Sin embargo, la caída de las apariencias tal vez sólo sea la más lograda de ellas. Y así como en el
vidrio que los separa en la cárcel se refleja el rostro de Elena sobre el de Miguel, el espectador
podrá reconocer en la pantalla, tal vez, un esbozo de su propio rostro reflejándose en ella. Esa
pantalla destinada a separar la ficción de una realidad que está, lo sabemos, igual de encarcelada.
Realidad que la película nos invita a visitar aun si no entendemos bien qué es lo que nos hace parte
de ella. Es que si el cine nos arrebata algo al quitarnos nuestra incredulidad y, a pesar de ello, lo
aceptamos, quizá se deba a que nuestro lugar como espectadores también es, a fin de cuenta, un
lugar que hemos usurpado. Si El motoarrebatador busca a su espectador reflejándose en los
procedimientos del cine de género es porque supone en él, en nosotros, el error de la mirada.
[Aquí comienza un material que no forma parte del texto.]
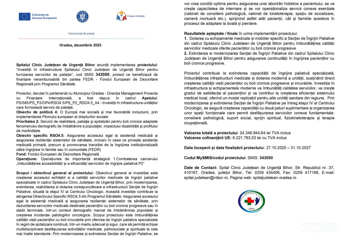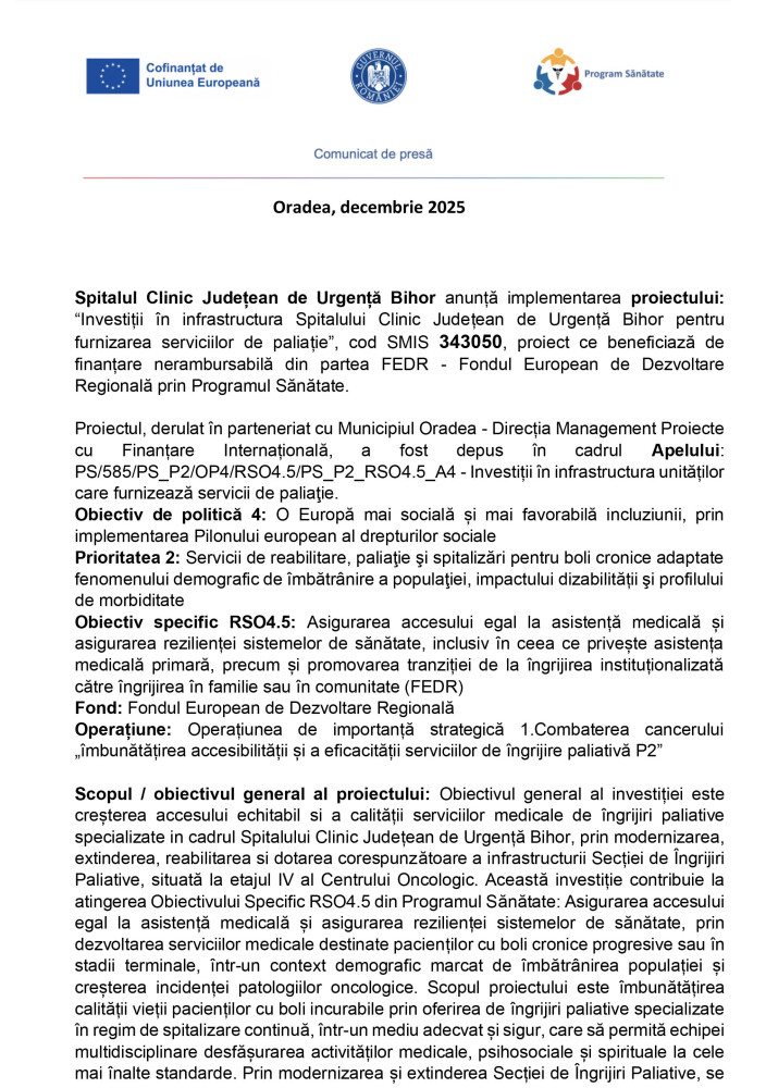 Comunicat de presă al Spitalului Clinic Județean de Urgență Bihor 18 Decembrie 2025 64 1 0 Advertorial

Nos
guste o no, lo sepamos o no, el error nos obliga a abrirnos camino hacia el mundo que nos rodea,
como Miguel, enfrentando las indolentes asimetrías de lo visible que disciplinan nuestro mirar.
Pero tenemos una ventaja (y en realidad, varias) sobre Miguel. Él nos muestra los riesgos que
corremos. Y lo hace porque la película, ésta película -como Helena-, sabe que ella y nosotros,
como todos, nunca lo diremos todo. Así, bordeados por nuestros silencios y casi reflejándonos en
ellos, incluso como recordando sólo vagamente los saqueos en los que se inspira El
motoarrebatador, podríamos interrogar a nuestras miradas: ¿y si el ejercicio soberano de una
secreta ley impuesta es lo que en verdad nos autoriza a visitar al cine, en la sala, desconociendo
que vamos allí, a visitarlo, como Elena visita a Miguel? Y para consumar qué, ¿un reencuentro?
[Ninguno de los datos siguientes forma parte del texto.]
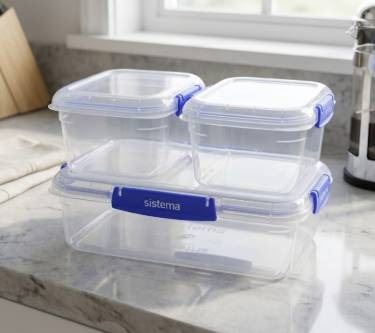 Sistema Food Storage Containers with Blue Clips, Set of 3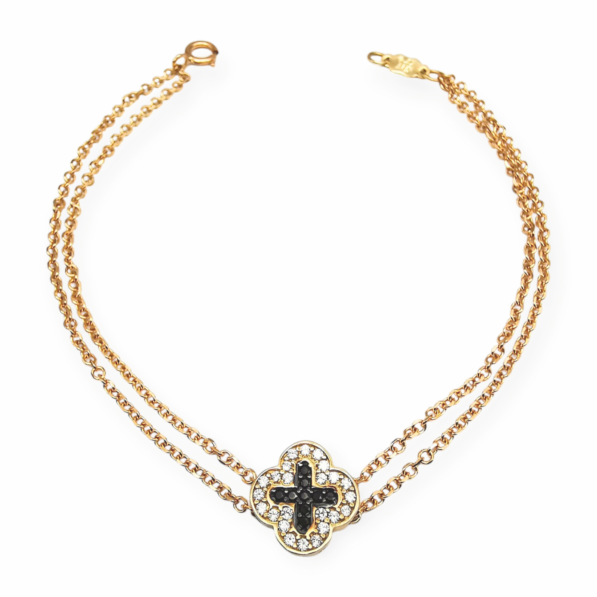 Χειροποίητο γυναικείο βραχιόλι 14άρων καρατίων με διπλή αλυσίδα και σχέδιο σταυρού στο κέντρο,αποτελούμενο από λευκά και μαύρα ζιργκόν.Βάρος 3γρ.

Puede ser. Pero hace tanta falta creer para ver, como errar para creer. Y aun así, ¿reflejándose en
qué asimétrica mirada reconoceremos nuestros yerros mientras erramos en moto por las periferias
olvidadas de nuestras ciudades prohibidas? ¿En una mirada como la de Miguel que, en el cine, se
vuelve hacia nosotros mientras el cine nos intenta arrastrar? Esta es, me parece, la gran apuesta
con la que El motoarrebatador se pone juego: que podamos encontrar allí, en él, en el cine, una
mirada que al errar nos permita creer. Sin dudas, se trata de una gran apuesta.